La filosofía de Amaral

–Hablando de esto, han conocido el éxito y la radiofórmula, antes de ir por su cuenta. ¿Echa de menos algo de aquello?

–No, no. Es que nosotros no lo vemos como épocas separadas o etapas diferentes. Creo que la filosofía de la banda ha sido siempre la misma. Estamos agradecidísimos a todo el público porque la banda ha crecido básicamente por el boca a boca. Y a los medios que han hecho de Amaral un proyecto que ha superado todas nuestras expectativas.

–¿Cómo eran?

–Cuando empezamos a tocar podíamos pensar que el grupo iba a funcionar, porque la gente se entusiasmaba cuando tocábamos en los bares. Pero no éramos capaces de ver el alcance del proyecto. La filosofía de la banda ha sido la misma. Creo que tiene más que ver con el entorno que alguien publique que Amaral se autoeditan en 2011, cuando llevábamos haciéndolo desde 2007. Somos tan poco atentos a las cosas que tienen que ver con la mercadotecnia que ni lo habíamos explicado ni le habíamos puesto nombre a nuestro sello. Estamos agradecidísimos, es un sentimiento que compartimos los dos y no tenemos ni palabras ni redes sociales suficientes para dar las gracias a todos los que nos han permitido hacer lo que más amamos. Siempre de forma absolutamente libre y entendiendo la música como un medio de expresión. Nunca hemos querido repetir la misma historia dos veces.

–¿Cuánto han cambiado las canciones de ‘Nocturnal’ en estos meses de conciertos?

–Han evolucionado para bien, como podréis ver en el Buesa Arena. Pienso que están construidas sobre bases bastante sólidas y en directo tienen algo de hipnótico, toda la banda sentimos energía tocándolas. Estamos muy contentos tanto con el público como por la parte sonora.

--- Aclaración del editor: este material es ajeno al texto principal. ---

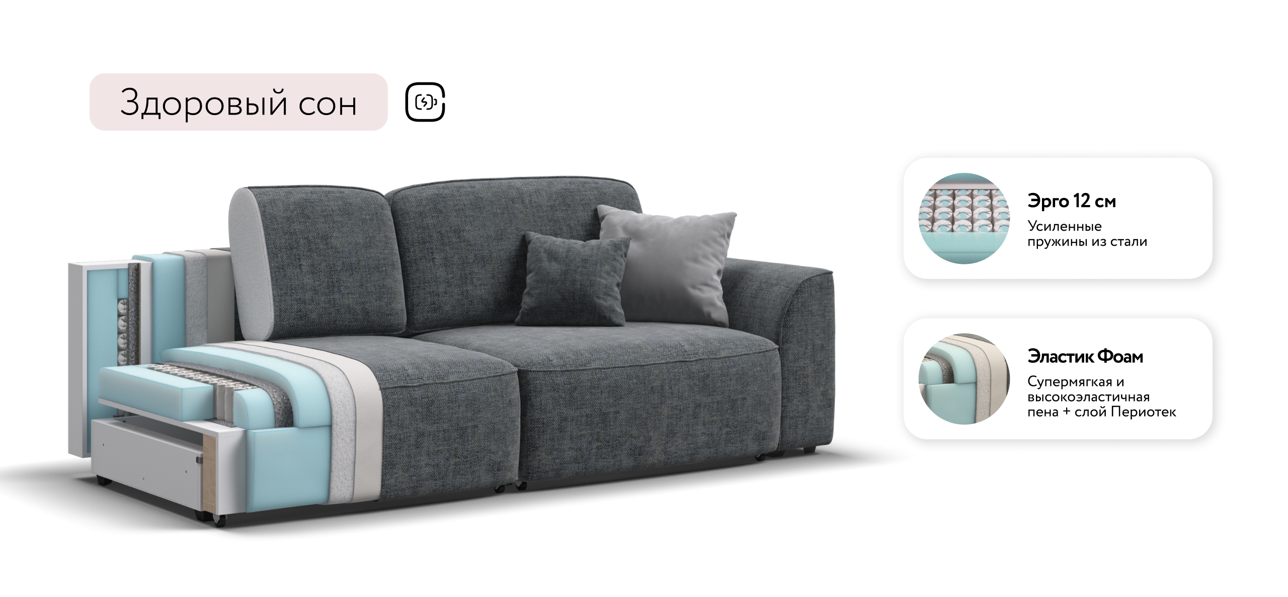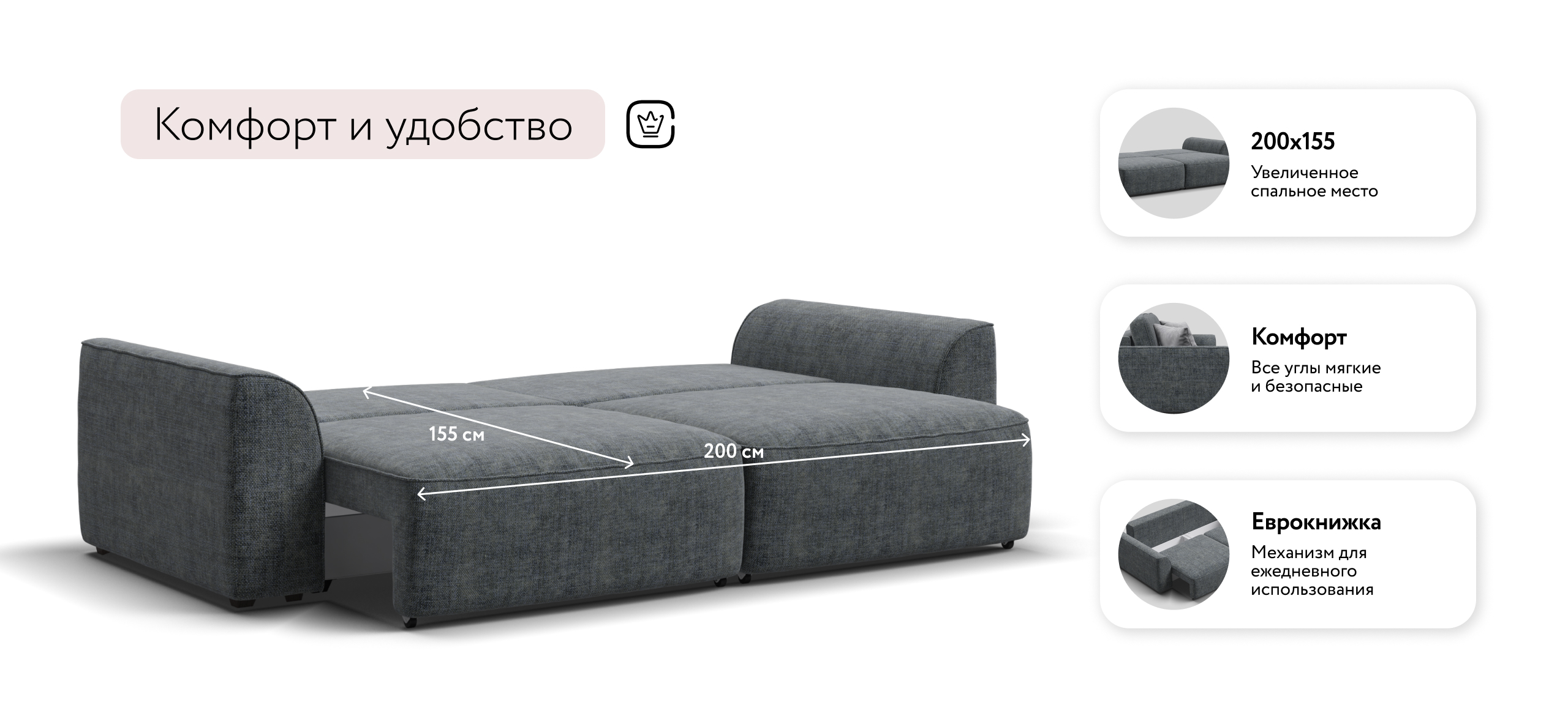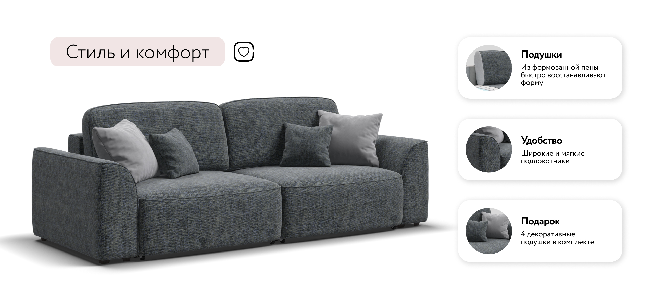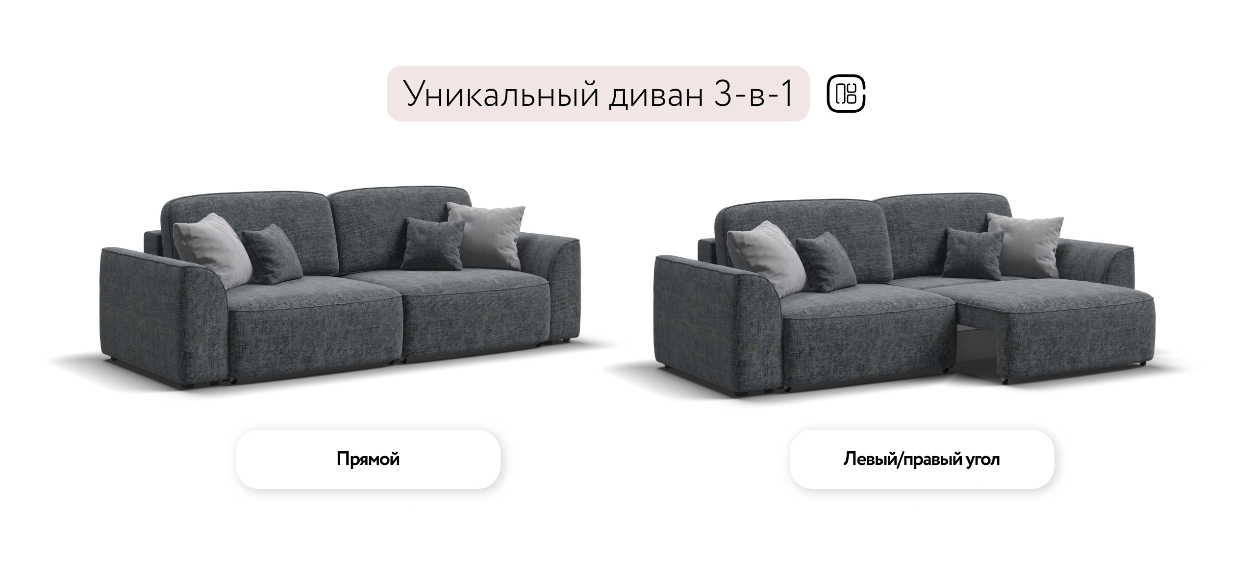 Комфортная посадка, скругленные линии, объемные подушки - диван, который наполнит ваш дом уютом и комфортом. Каждое посадочное место можно выдвинуть вперед и получить угловой диван, на котором с комфортом разместится небольшая компания. А в разложенном виде диван превращается в комфортное спальное место.

–¿Hasta qué punto ha sido natural la convivencia de estos temas c0n el material previo?

–En este caso, desde los ensayos. Ya incluimos algunas canciones en un par de festivales antes de grabar. Para nosotros, cuando nos ponemos a tocar puede cobrar sentido una de cuando vivíamos en Zaragoza o de las últimas. Conviven perfectamente y la gente creo que lo percibe.

Dylan, «clásico y referente»

–¿Cómo es Amaral en directo en octubre de 2016?

–Tocamos como si fuera la primera vez que subimos al escenario. Es como algo hipnótico, como una especie de iceberg de energía donde la punta es Eva. No somos demasiado racionales cuando tocamos, hay un punto de descarga y lo más importante es lo que no se racionaliza. Creo que es lo que le da sentido a un concierto.

–¿Cuánto espacio se dan entre Eva y usted para lo improvisado en directo?

–Todo. No recuerdo haber tocado una canción exactamente de la misma manera. El esquema puede ser el mismo, con una melodía y un hilo conductor rítmico. Pero pueden variar timbres, texturas sonoras e incluso figuras armónicas. Los ‘riffs’ nunca se tocan igual. Creo que la repetición y la música no se llevan bien.

–Eso o sabe muy bien Dylan, para quien han abierto conciertos. ¿Se posiciona con el Nobel?

–No voy a entrar. Dylan es un clásico y un referente, tanto en textos como en manera de hacer música, con premio y sin él.

–¿Cuántas guitarras y de qué tipo se lleva de gira?

–Una de doce cuerdas, tres Gibson diferentes, una acústica de doce para hacer una Eva y yo solos. Ella lleva otra acústica, su Telecaster y una Rickenbacker.

–¿Qué supone que a uno le cambien las cuerdas y le pongan a punto los instrumentos en gira?

–Es un lujo. Conviene no olvidarlo. Aunque llevemos mucho tiempo viajando con técnicos –la mayoría, desde 2000– no es lo que sucede con el común de las bandas en este país. Y hay que estar agradecidos y no olvidar de dónde viene uno.